§ Task objective: Starting from the top of the entries below and ending with the line containing "เรียกได้ว่าเป็น 6 วันสุดท้ายของปี", restate every line word for word, pictures omitted.

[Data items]
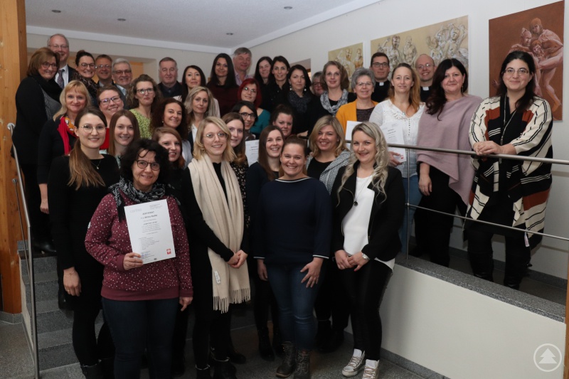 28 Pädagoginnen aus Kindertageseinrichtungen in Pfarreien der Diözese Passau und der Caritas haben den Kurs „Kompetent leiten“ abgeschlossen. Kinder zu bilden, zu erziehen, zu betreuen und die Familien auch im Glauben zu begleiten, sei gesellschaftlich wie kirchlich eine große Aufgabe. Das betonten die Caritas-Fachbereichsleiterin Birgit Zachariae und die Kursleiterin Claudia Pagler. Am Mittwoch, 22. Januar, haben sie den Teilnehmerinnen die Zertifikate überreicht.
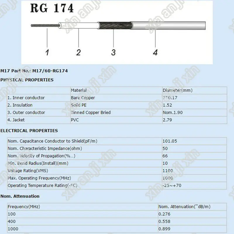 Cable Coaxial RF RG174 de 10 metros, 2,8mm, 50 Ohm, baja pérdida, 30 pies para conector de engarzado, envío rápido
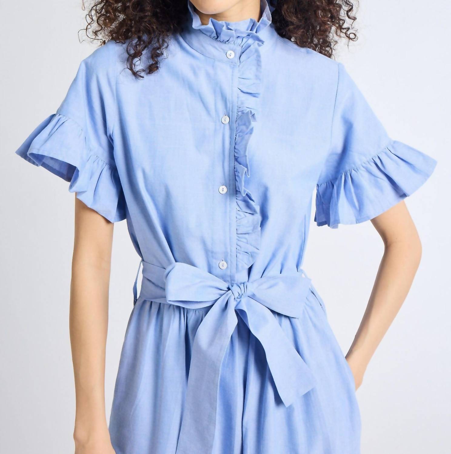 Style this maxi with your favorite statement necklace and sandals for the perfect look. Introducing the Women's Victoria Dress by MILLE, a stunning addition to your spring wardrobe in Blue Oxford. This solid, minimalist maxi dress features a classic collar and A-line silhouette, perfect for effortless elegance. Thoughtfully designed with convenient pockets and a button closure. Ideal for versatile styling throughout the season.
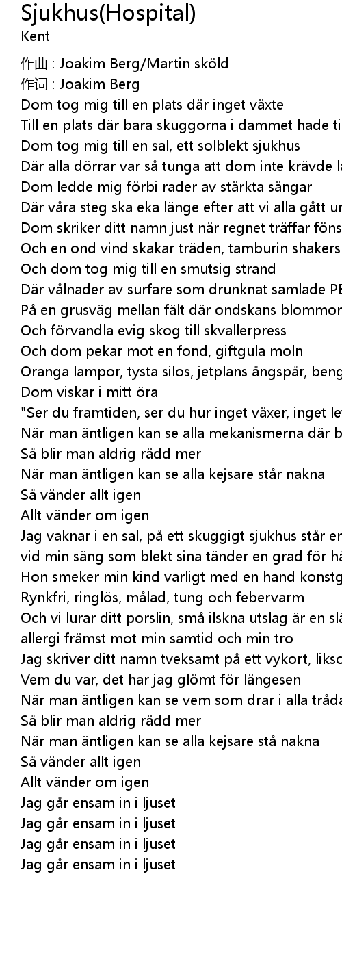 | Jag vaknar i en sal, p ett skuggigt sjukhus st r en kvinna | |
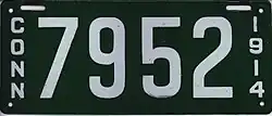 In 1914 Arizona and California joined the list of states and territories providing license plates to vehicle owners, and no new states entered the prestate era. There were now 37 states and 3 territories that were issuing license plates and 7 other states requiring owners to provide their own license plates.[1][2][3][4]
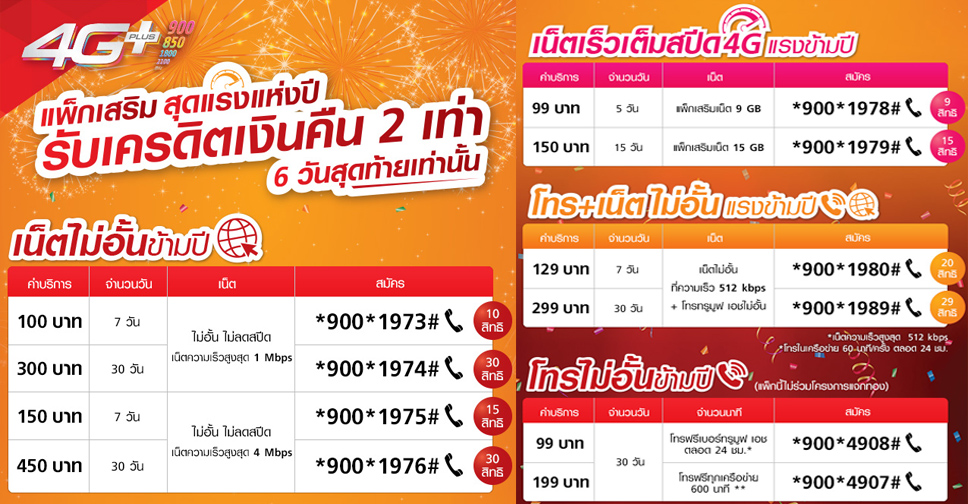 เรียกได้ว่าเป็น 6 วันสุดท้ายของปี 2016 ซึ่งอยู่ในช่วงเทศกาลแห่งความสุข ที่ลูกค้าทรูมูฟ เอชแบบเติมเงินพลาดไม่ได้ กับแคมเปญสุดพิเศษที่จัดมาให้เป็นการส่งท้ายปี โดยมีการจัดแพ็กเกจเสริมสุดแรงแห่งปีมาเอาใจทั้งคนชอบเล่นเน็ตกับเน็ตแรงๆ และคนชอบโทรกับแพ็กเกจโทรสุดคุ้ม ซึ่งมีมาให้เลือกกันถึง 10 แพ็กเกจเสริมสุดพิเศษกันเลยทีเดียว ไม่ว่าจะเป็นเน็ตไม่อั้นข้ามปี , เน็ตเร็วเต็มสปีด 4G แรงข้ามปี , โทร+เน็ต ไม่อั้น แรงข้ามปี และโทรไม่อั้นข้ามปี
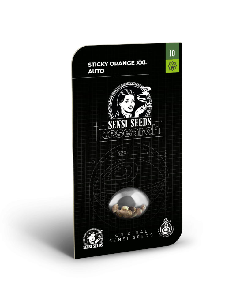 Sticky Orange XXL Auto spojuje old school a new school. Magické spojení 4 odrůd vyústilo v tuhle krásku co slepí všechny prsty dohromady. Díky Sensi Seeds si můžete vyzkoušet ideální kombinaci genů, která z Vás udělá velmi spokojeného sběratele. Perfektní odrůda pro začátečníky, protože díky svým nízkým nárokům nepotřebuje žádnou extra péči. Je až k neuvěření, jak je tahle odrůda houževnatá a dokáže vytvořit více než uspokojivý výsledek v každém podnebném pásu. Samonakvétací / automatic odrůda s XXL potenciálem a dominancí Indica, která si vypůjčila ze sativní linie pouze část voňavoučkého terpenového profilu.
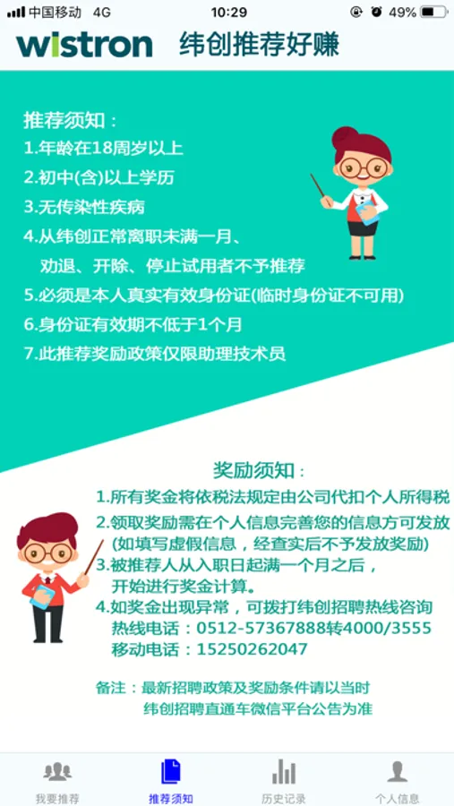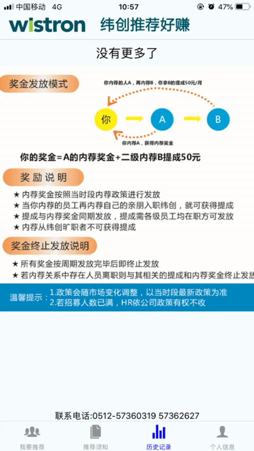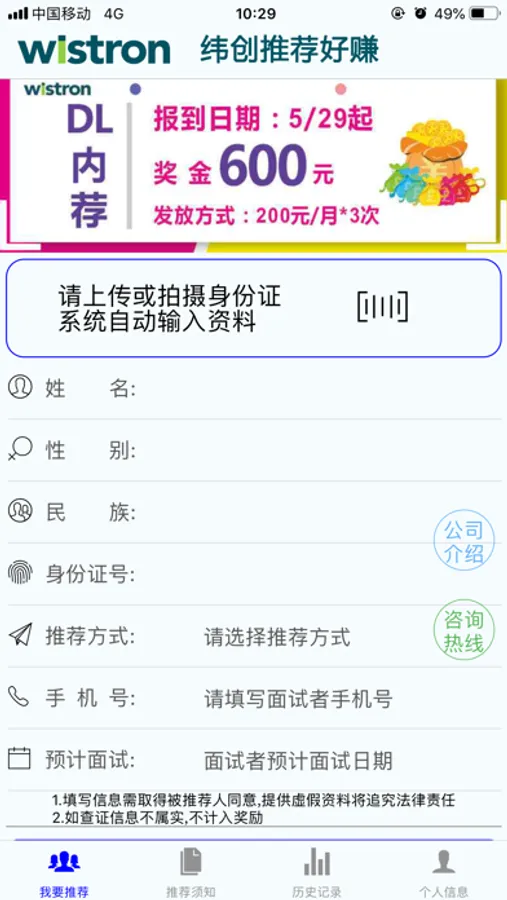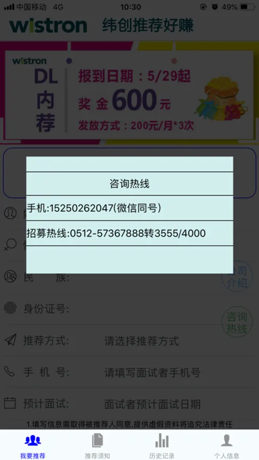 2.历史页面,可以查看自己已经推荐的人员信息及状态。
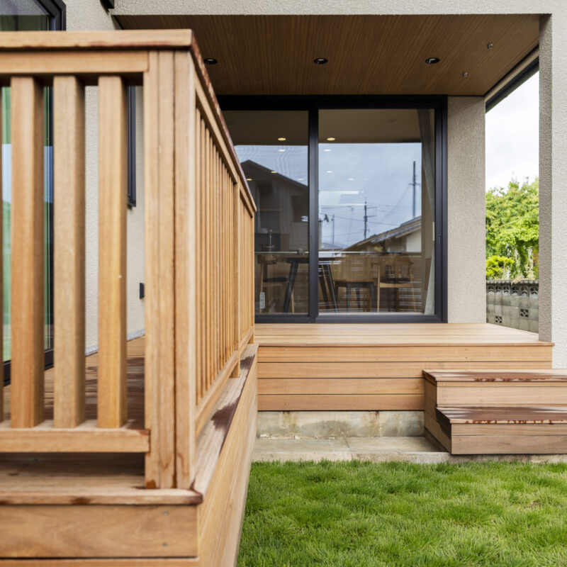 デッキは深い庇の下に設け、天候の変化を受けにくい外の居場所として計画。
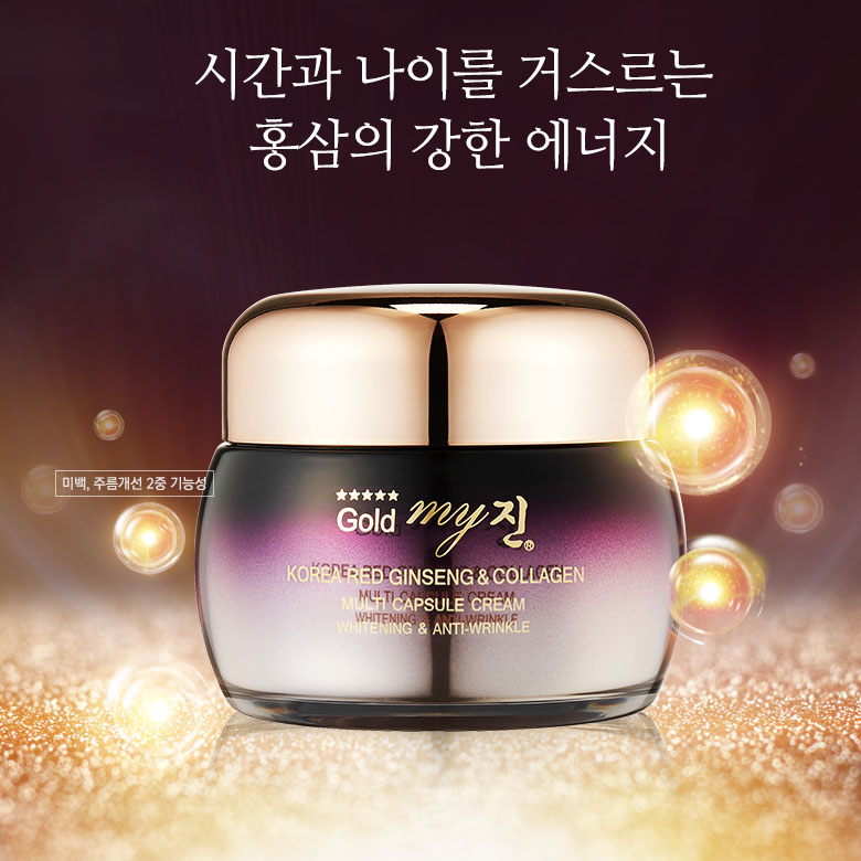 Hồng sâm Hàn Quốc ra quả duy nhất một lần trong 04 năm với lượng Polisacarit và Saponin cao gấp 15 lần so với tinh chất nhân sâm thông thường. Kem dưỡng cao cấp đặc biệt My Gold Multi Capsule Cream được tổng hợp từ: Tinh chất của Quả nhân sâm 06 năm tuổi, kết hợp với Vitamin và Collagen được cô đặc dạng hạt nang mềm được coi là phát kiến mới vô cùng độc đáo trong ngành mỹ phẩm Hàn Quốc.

§ Solved exercise:
 28 Pädagoginnen aus Kindertageseinrichtungen in Pfarreien der Diözese Passau und der Caritas haben den Kurs „Kompetent leiten“ abgeschlossen. Kinder zu bilden, zu erziehen, zu betreuen und die Familien auch im Glauben zu begleiten, sei gesellschaftlich wie kirchlich eine große Aufgabe. Das betonten die Caritas-Fachbereichsleiterin Birgit Zachariae und die Kursleiterin Claudia Pagler. Am Mittwoch, 22. Januar, haben sie den Teilnehmerinnen die Zertifikate überreicht.
 Cable Coaxial RF RG174 de 10 metros, 2,8mm, 50 Ohm, baja pérdida, 30 pies para conector de engarzado, envío rápido
 Style this maxi with your favorite statement necklace and sandals for the perfect look. Introducing the Women's Victoria Dress by MILLE, a stunning addition to your spring wardrobe in Blue Oxford. This solid, minimalist maxi dress features a classic collar and A-line silhouette, perfect for effortless elegance. Thoughtfully designed with convenient pockets and a button closure. Ideal for versatile styling throughout the season.
 | Jag vaknar i en sal, p ett skuggigt sjukhus st r en kvinna | |
 In 1914 Arizona and California joined the list of states and territories providing license plates to vehicle owners, and no new states entered the prestate era. There were now 37 states and 3 territories that were issuing license plates and 7 other states requiring owners to provide their own license plates.[1][2][3][4]
 เรียกได้ว่าเป็น 6 วันสุดท้ายของปี 2016 ซึ่งอยู่ในช่วงเทศกาลแห่งความสุข ที่ลูกค้าทรูมูฟ เอชแบบเติมเงินพลาดไม่ได้ กับแคมเปญสุดพิเศษที่จัดมาให้เป็นการส่งท้ายปี โดยมีการจัดแพ็กเกจเสริมสุดแรงแห่งปีมาเอาใจทั้งคนชอบเล่นเน็ตกับเน็ตแรงๆ และคนชอบโทรกับแพ็กเกจโทรสุดคุ้ม ซึ่งมีมาให้เลือกกันถึง 10 แพ็กเกจเสริมสุดพิเศษกันเลยทีเดียว ไม่ว่าจะเป็นเน็ตไม่อั้นข้ามปี , เน็ตเร็วเต็มสปีด 4G แรงข้ามปี , โทร+เน็ต ไม่อั้น แรงข้ามปี และโทรไม่อั้นข้ามปี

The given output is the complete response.